Each snapshot that you take on the environment has a name and description. In addition, the snapshots have a parent-child relationship with each other that indicates the order in which they have been taken. For more information about snapshots and snapshot operations, see How to: Save the Current State of Your Environment.

Capabilities

Each environment can be configured to support three capabilities: network isolation, test integration, and workflow integration. For more information about these capabilities, see the following topics:

Environment tags

You can associate custom name-value properties with an environment. Two examples of data that you can associate with each environment are as follows:

  • Purpose of the environment.

  • Date when the environment should be deleted.

ID

A unique identifier assigned by Lab Management to track the environment. Use the ID in communications with the system administrator. The ID is also useful if you want to use the programming interface for Lab Management and build additional features that layer on top of Lab Management.

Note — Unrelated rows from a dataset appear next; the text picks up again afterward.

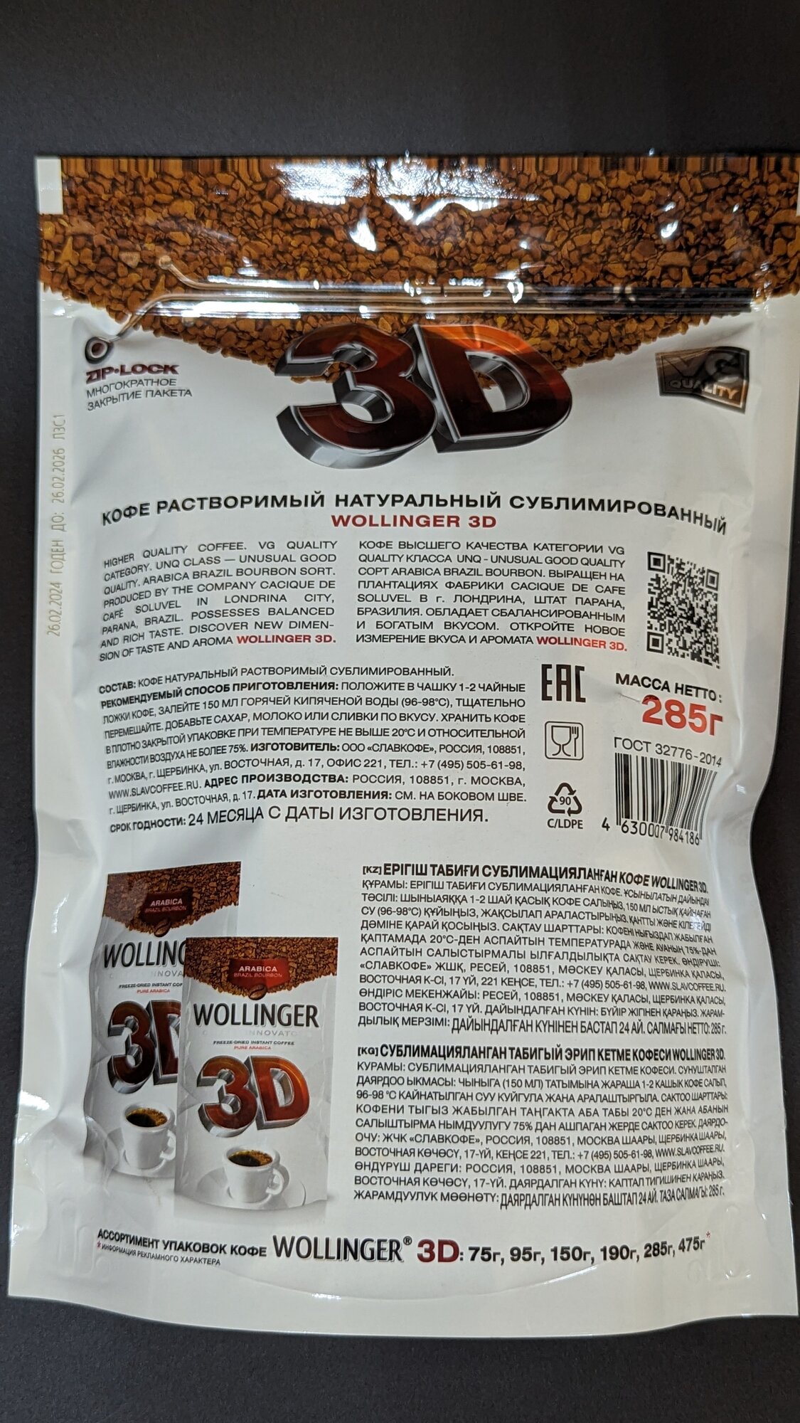 285 гр. кофе Wollinger 3D сублимированный / Воллинджер 3Д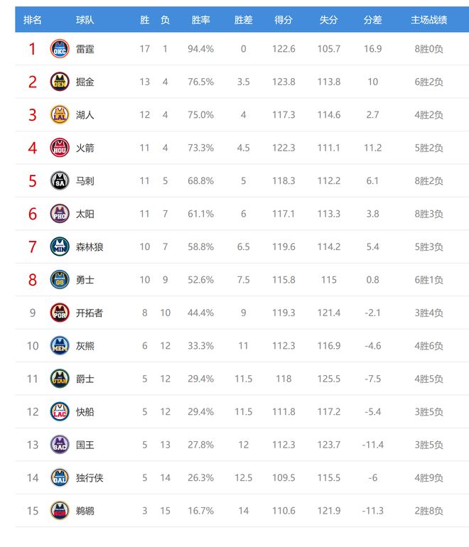 今日比赛后掘金、湖人排名互换,国王、独行侠排名互换,其他西部球队排名不变。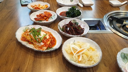 반찬으로 나온 음식들도 하나같이 손 안가는 음식이 없을 정도로 맛이 있다. 직접 담근 김치와 양송이 간장조림 그리고 더덕무침 버섯 겨자 무침 등. 부추와 능이를 다 먹고 나면 리필을 해서 먹을 수 있다. 하지만 무료가 아닌 유료라는 점. 문어를 두 마리나 넣어 줬는데 쫄깃쫄깃한 식감이 술안주로 맞고 잘 익은 오리를 부추와 같이 초고추장 찍어 먹는 맛도 괜찮았다.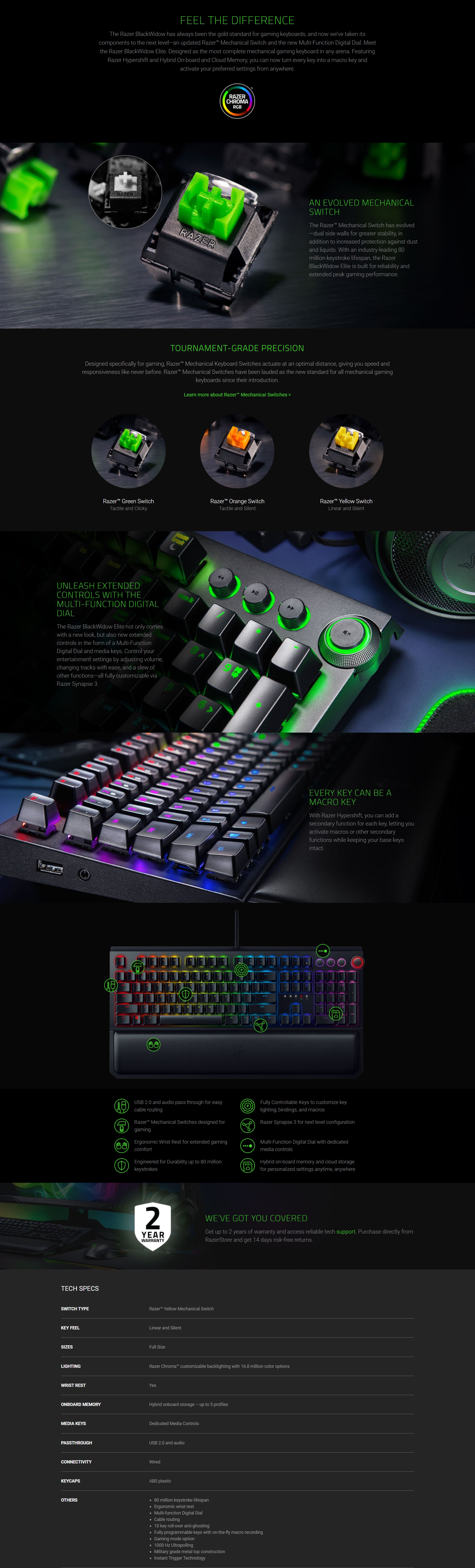 Razer BlackWidow Elite Mechanical Gaming Keyboard - Yellow Switch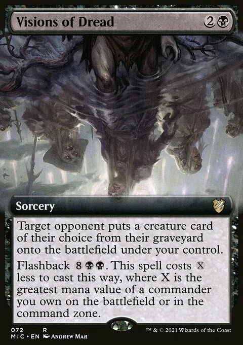 Target opponent puts a creature card of their choice from their graveyard onto the battlefield under your control. Flashback {8}{B}{B}. This spell costs {X} less to cast this way, where X is the greatest mana value of a commander you own on the battlefield or in the command zone. (You may cast this card from your graveyard for its flashback cost. Then exile it.)
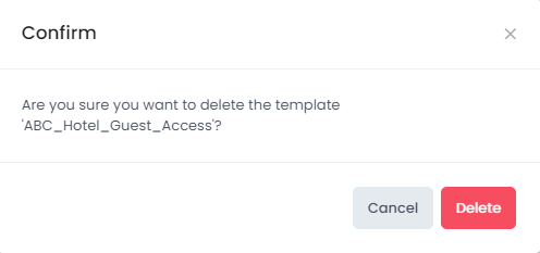 Select a template from the Captive Portal Templates list and click on the Delete icon under the “Actions” column or click on the Actions button and select Delete from the drop-down menu. When the following confirmation prompt appears, click on Delete to delete the profile.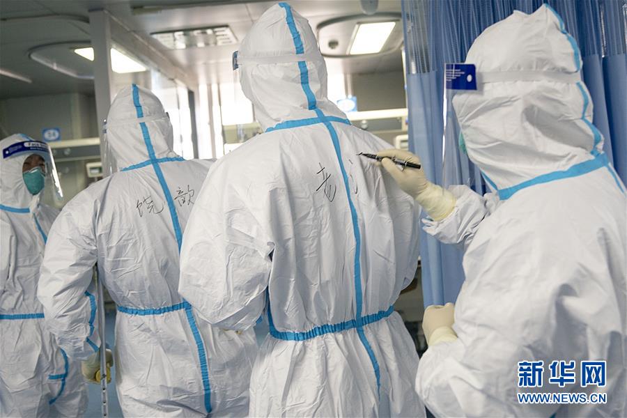 1月24日,在武汉大学中南医院重症隔离病房,医护人员在隔离服上写下名字,方便辨认。 新华社记者 熊琦 摄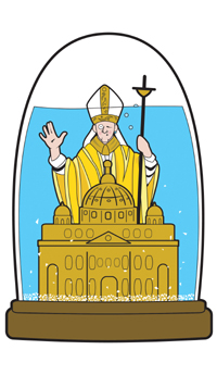 I have this awesome snow-globe of a gigantic Pope standing over the Vatican City. The water doesn't fill the globe completely, so it kinda looks like gigantic Pope is drowning.
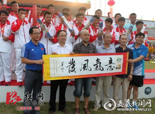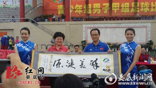 红网娄底站8月28日讯(分站记者 李响炮 谭卫丰)“天道酬勤”、“意气风发”……一幅幅或勉励或警示的书法作品送到了省运会金牌得主手中。8月27日下午,由娄底本土书法名家创作的24幅作品,送到了参加省运会青少年组男子甲组足球赛的娄底代表队员手中。8月27日,在娄底市涟源一中举行的湖南省第12届运动会青少年组男子甲组足球赛上,长沙代表队战胜株洲代表队,获得第一名,娄底以1:0小胜郴州,获得第三名,创下了娄底市参加省级以上足球比赛的历史最好成绩。

If you take a snapshot of the environment, make several changes to the environment, and then restore to the original snapshot, the changes are not restored. In other words, if you change the name or custom properties after a snapshot and restore to the original snapshot, the environment still continues to have the changed name. However, the value of memory is restored when you restore the environment.

Caution noteCaution

If you add or remove a virtual machine from an environment, all the prior snapshots of that environment are obsolete and unavailable. You will not be able to restore the environment to any of those snapshots.

If you change a stored environment, when those changes finish successfully the environment returns to the Stored state. Similarly, an active environment returns to its original state after the changes are complete. If a stored environment was in the CreateFailed state, you must remove the CreateFailed virtual machine before you make any other changes to the environment.